Quem enxerga a crise política no Brasil como um fenômeno isolado, cuja “culpa” deveria ser atribuída apenas aos equívocos administrativos de Dilma ou às alianças espúrias do PT com partidos oportunistas e reacionários, se engana profundamente. Aproveitando-se de debilidades e traições internas, o golpe de Estado que se iniciou com o impeachment Dilma e se prolonga com a prisão de Lula tem sua origem e motor no estrangeiro, na crise do imperialismo mundial, principalmente norte americano. Dos últimos anos para cá, este passou a forçar um realinhamento não só econômico como político de toda América latina, ainda mais diante da iminência de um conflito que oporia dois blocos na cena mundial.

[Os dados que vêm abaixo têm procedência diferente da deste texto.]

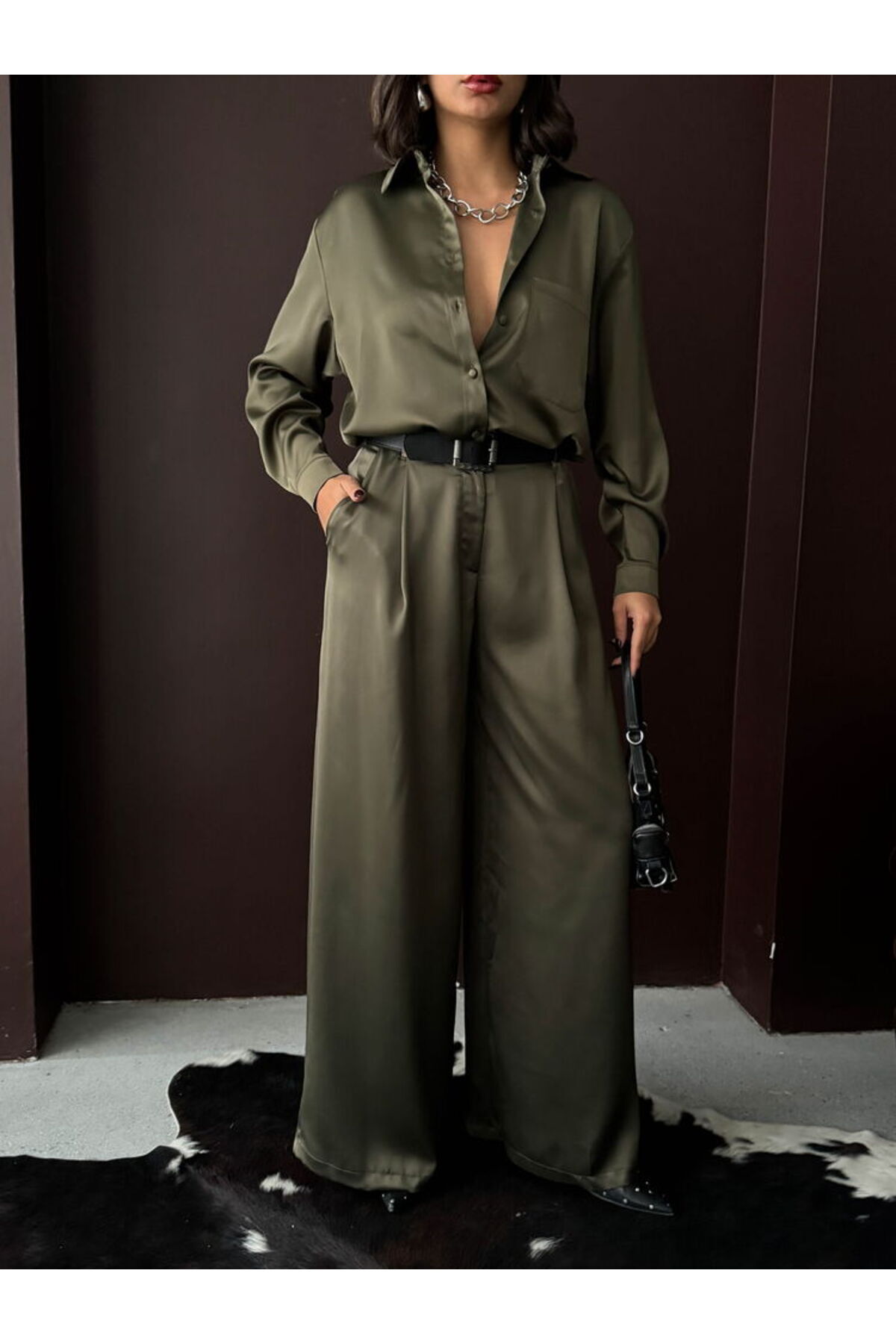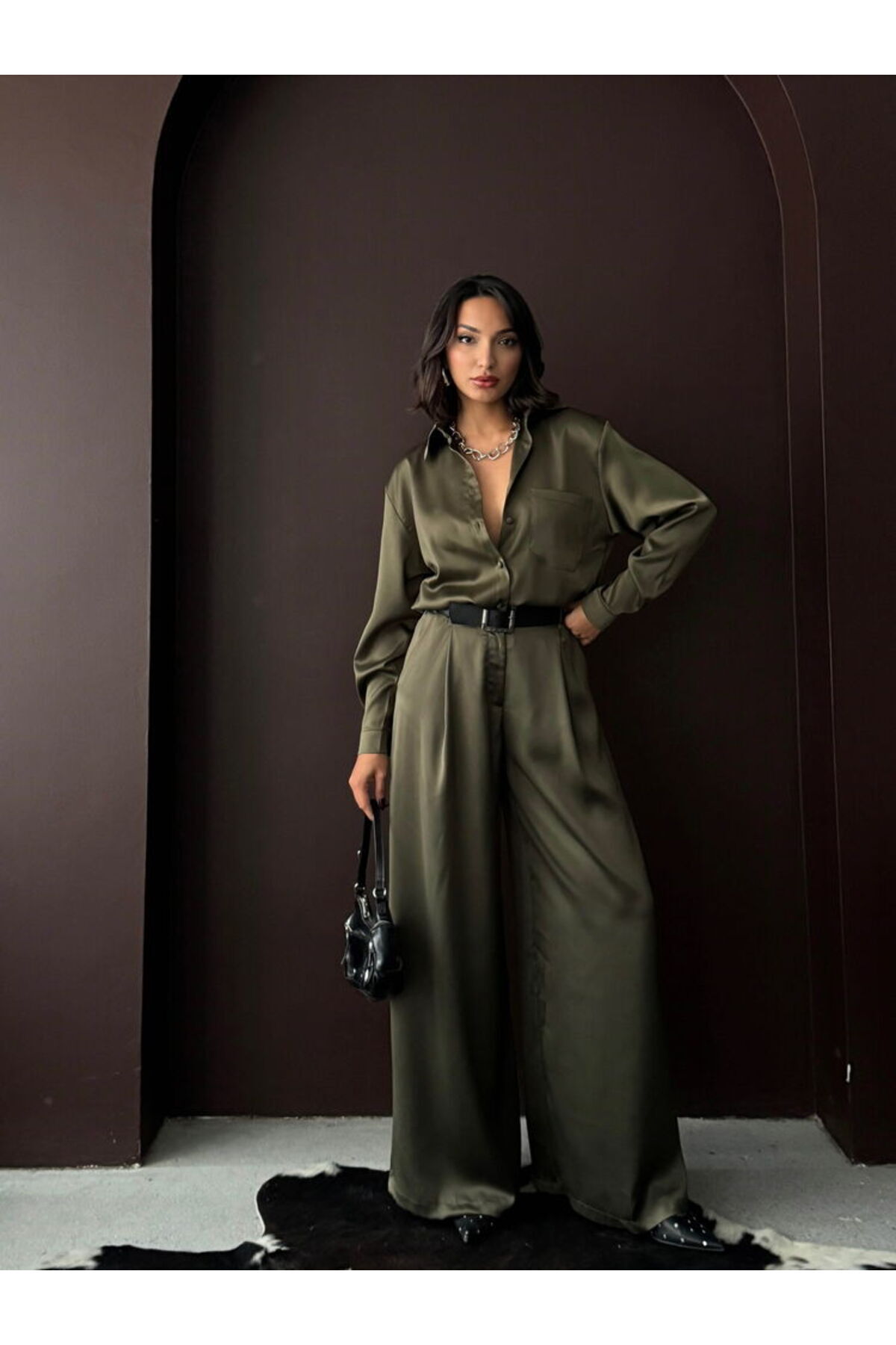 Haki Yüksek Bel Bol Paça Saten Pantolon Modern Premium Luxury Trend Tasarım Pantolon

Um exame mais amplo da situação de vários lideranças latino-americanas atesta a concretude do intervencionismo norte americano. Pode-se mencionar como exemplo o caso da ex-presidente da Argentina, Cristina Kirchner – que atravessa problemas semelhantes em seu país aos que enfrentam hoje no Brasil Lula e o PT. Ela é acusada de receber propina por meio de aluguel de quartos em hotéis que não estavam sendo usados. A ex-líder do governo argentino atribuiu ao atual presidente, Mauricio Macri, a responsabilidade por dar andamento a esses processos para “esconder o desastre que está acontecendo” no país. “Os preços nos supermercados aumentam, os salários não sobem e não se convocam as paritárias [como são chamadas as negociações entre governo e sindicatos na Argentina]. É claro que o dinheiro não chega para alguns, mas sobra para outros”, disse Cristina em seu encontro com a presidenta deposta Dilma Rousseff.

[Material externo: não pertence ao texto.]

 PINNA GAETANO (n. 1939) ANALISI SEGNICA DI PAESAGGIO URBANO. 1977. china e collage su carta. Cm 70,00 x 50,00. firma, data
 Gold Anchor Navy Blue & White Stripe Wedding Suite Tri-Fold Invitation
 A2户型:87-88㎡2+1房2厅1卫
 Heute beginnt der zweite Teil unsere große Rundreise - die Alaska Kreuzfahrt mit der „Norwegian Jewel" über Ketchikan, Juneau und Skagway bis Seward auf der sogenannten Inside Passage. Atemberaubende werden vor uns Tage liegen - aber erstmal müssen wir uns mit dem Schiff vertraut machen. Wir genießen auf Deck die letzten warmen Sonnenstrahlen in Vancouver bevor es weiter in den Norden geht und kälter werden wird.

Em artigo recente publicado no “Libération”, o escritor peruano Alfredo Pita assinala que “com a queda dos governos progressistas no Brasil e na Argentina, e o enfraquecimento do que está no poder no Equador, a imagem de uma América Latina que tomou o seu destino em suas próprias mãos está se dissipando e a fragilidade de modelos alternativos relativos à velha ordem dependente e neocolonial aparece claramente.”
Outro exemplo é a Venezuela, que atravessa um período de grave instabilidade política impulsionada pelo capital estrangeiro, que visa apoderar-se do petróleo da região. Tudo alimentado por uma campanha falaciosa que oporia a “democracia e as liberdades” a uma pretensa “ditadura” imposta por Nicolau Maduro, atual presidente e herdeiro de Hugo Chavez.
Negligenciar o estado de coisas mundial, deslocando a causa de todo mal que assola o Brasil para os supostos “erros do PT”, como costuma fazer boa parte da esquerda, é passar ao largo da real situação do continente latino americano, e impedir-se de lutar contra as causas efetivas de nossa crise institucional. Crise de graves consequências para os setores populares, que convivem hoje com a suspensão do estado de direito no país, com concomitante suspensão das garantias individuais.